Der I. Senat des BFH hat in seinem Urteil vom 2.11.2022 entschieden, dass die zutreffende Bilanzierung der Verlustübernahmeforderung der Organgesellschaft gegenüber dem Organträger als Aktivposten und korrespondierender Passivposten in den jeweiligen Jahresabschlüssen unabdingbare Voraussetzung für die tatsächliche Durchführung des Gewinnabführungsvertrags gem. § 14 Abs. 1 Nr. 3 KStG ist.
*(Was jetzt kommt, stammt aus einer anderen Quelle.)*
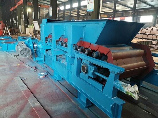 導(dǎo)料板的長(zhǎng)度通常由進(jìn)料方式確定,如果板式給料機(jī)是放在料倉下面,那么在料倉下面就不需要設(shè)計(jì)導(dǎo)料板,料倉往外到驅(qū)動(dòng)軸這一段就要設(shè)計(jì)導(dǎo)料板。如果是通過裝載機(jī)往板式給料機(jī)供料,則板式給料機(jī)全段都要設(shè)計(jì)導(dǎo)料板。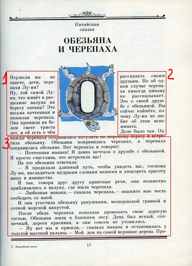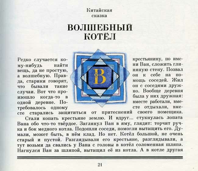 Но самое странное - это буквицы. Буквицы рисовались мастерски, к каждой сказке, причем стилистически они были связаны с полностраничной иллюстрацией и обыгрывали название сказки, при этом они стояли внутри текста, но это была не первая буква начала текста, а первая буква названия сказки, то есть разбивали текст на отдельные несвязанные блоки. При этом редактор не посчитал нужным хоть как-то решить проблему начала предложения и переносов. Вот что получилось.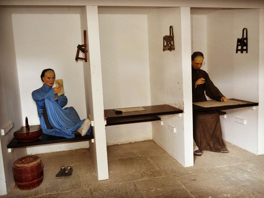 甬道两侧就是考场(又称东文场、西文场)。从南至北排着一排排东西向的号筒(东西向横线所示即是),每个号筒内部又被分割为50-100间左右大小相当的号舍。各号筒按千字文顺序编号,号舍则以号筒的字为头依次编号,如地字号第一间,为“地一”,以此类推。每间号舍宽三尺,深四尺,后墙高约八尺,前檐高约六尺,建筑面积约1.2平米。号舍两边砖墙上离地一尺五寸、二尺五寸处各留一道砖缝或砖托,用于搁置号板。号板由两块木板组成,若都放在下面砖托里,刚好铺满号舍,可当考生夜晚休息的床用,若将外侧号板挪至上一层砖托,则刚好组成一对桌椅,可供考生考试答题用。考生一人一间号舍进行考试。号舍三面密闭,南面完全敞开,紧对前一排号舍的后墙。每排号筒前有巷道,宽约1米余。每排号筒的最后一间号舍设为公共厕所。考场内还设大水缸,雇有挑夫专门挑水,以备考生取用。

Fragen aus erbschaft- und schenkungsteuerlichem Blickwinkel: Aus erbschaft- und schenkungsteuerlichem Blickwinkel führen diese vorgreiflichen Grundsätze zur bilanziellen Erfassung des Verlustausgleichsanspruchs der Organgesellschaft entsprechend § 302 Abs. 1 AktG konsequenterweise zu den Fragen,
- ob dieser Bilanzansatz dem Grunde nach auf eine Einlage von Finanzmittelvermögen i.S.d. § 13b Abs. 4 Nr. 5 S. 2 ErbStG zurückzuführen ist (s. im Folgenden unter 1.) und
- gegebenenfalls wann dieser Einlagetransfer in zeitlicher Hinsicht im Hinblick auf den 2-Jahreszeitraum für das Vorliegen junger Finanzmittel stattfindet (s. im Folgenden unter 2.) sowie
- welche Bedeutung der Verbundvermögensaufstellung nach § 13b Abs. 9 ErbStG diesbezüglich für die Beurteilung von Forderungen und Verbindlichkeiten zwischen verbundenen Unternehmen zukommt (s. im Folgenden unter 3.).